## Exercise instructions
Exact copies of the lines from the one holding "Gift box with" through the last line of the entries below are to be printed, with pictures omitted.

(Source records)
#####

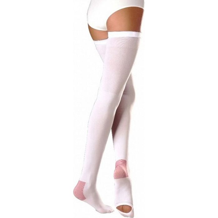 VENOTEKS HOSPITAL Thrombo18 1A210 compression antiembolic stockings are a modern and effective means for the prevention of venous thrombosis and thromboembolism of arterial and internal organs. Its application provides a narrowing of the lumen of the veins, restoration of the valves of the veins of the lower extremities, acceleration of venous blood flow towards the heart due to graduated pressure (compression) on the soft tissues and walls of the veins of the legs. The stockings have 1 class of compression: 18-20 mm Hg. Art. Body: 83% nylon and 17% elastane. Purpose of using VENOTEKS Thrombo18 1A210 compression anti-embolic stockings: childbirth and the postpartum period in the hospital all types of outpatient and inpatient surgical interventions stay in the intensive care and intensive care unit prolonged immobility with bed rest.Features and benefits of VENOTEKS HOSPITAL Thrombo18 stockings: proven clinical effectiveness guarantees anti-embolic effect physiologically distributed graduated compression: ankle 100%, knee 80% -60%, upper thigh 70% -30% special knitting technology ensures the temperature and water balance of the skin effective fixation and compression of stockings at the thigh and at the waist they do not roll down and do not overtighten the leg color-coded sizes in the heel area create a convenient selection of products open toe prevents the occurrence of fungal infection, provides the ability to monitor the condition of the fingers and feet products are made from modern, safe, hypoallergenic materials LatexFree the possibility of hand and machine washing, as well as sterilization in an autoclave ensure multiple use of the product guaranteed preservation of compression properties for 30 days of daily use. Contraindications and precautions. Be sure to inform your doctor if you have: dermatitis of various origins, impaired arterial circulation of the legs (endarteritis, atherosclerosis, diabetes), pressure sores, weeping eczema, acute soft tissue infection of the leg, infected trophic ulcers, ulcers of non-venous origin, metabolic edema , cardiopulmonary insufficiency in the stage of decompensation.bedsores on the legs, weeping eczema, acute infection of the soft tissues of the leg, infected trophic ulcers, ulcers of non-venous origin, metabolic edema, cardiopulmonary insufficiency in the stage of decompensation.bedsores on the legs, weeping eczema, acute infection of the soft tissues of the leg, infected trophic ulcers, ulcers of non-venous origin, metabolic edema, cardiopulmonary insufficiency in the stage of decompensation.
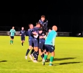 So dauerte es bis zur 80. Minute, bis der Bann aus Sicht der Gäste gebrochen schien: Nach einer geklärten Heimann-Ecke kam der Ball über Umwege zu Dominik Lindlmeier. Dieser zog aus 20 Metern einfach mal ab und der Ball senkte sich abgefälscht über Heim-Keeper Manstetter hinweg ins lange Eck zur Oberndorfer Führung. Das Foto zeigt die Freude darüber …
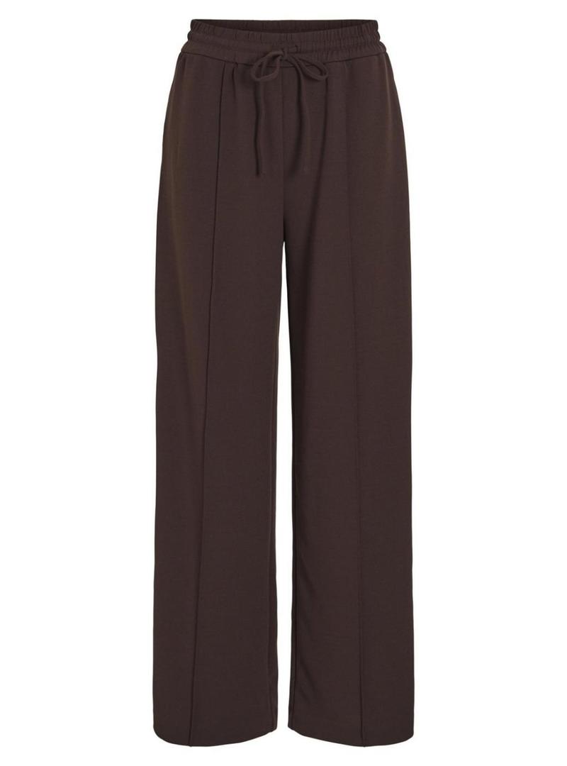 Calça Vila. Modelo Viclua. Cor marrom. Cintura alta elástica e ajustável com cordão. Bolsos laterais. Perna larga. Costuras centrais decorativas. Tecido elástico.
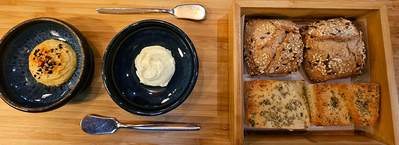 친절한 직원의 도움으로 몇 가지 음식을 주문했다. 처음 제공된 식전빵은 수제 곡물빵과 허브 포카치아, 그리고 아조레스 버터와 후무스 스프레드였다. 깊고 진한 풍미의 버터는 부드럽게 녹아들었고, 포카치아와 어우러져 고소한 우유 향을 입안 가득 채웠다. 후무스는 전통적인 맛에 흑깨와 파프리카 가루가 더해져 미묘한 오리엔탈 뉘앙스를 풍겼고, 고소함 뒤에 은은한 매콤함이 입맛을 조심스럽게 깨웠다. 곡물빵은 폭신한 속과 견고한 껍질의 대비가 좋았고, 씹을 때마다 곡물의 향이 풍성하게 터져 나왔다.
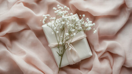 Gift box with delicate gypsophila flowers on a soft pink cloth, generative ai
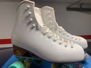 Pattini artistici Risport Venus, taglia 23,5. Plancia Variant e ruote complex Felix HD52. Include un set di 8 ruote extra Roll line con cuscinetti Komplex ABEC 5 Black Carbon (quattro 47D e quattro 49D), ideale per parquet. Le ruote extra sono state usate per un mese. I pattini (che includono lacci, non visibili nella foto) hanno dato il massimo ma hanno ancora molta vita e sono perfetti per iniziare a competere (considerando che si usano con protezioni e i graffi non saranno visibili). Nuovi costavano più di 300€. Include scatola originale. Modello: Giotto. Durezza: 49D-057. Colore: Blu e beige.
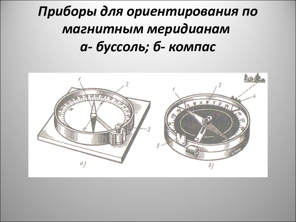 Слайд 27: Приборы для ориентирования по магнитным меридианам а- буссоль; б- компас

#####

## Response to this exercise
 Gift box with delicate gypsophila flowers on a soft pink cloth, generative ai
 Pattini artistici Risport Venus, taglia 23,5. Plancia Variant e ruote complex Felix HD52. Include un set di 8 ruote extra Roll line con cuscinetti Komplex ABEC 5 Black Carbon (quattro 47D e quattro 49D), ideale per parquet. Le ruote extra sono state usate per un mese. I pattini (che includono lacci, non visibili nella foto) hanno dato il massimo ma hanno ancora molta vita e sono perfetti per iniziare a competere (considerando che si usano con protezioni e i graffi non saranno visibili). Nuovi costavano più di 300€. Include scatola originale. Modello: Giotto. Durezza: 49D-057. Colore: Blu e beige.
 Слайд 27: Приборы для ориентирования по магнитным меридианам а- буссоль; б- компас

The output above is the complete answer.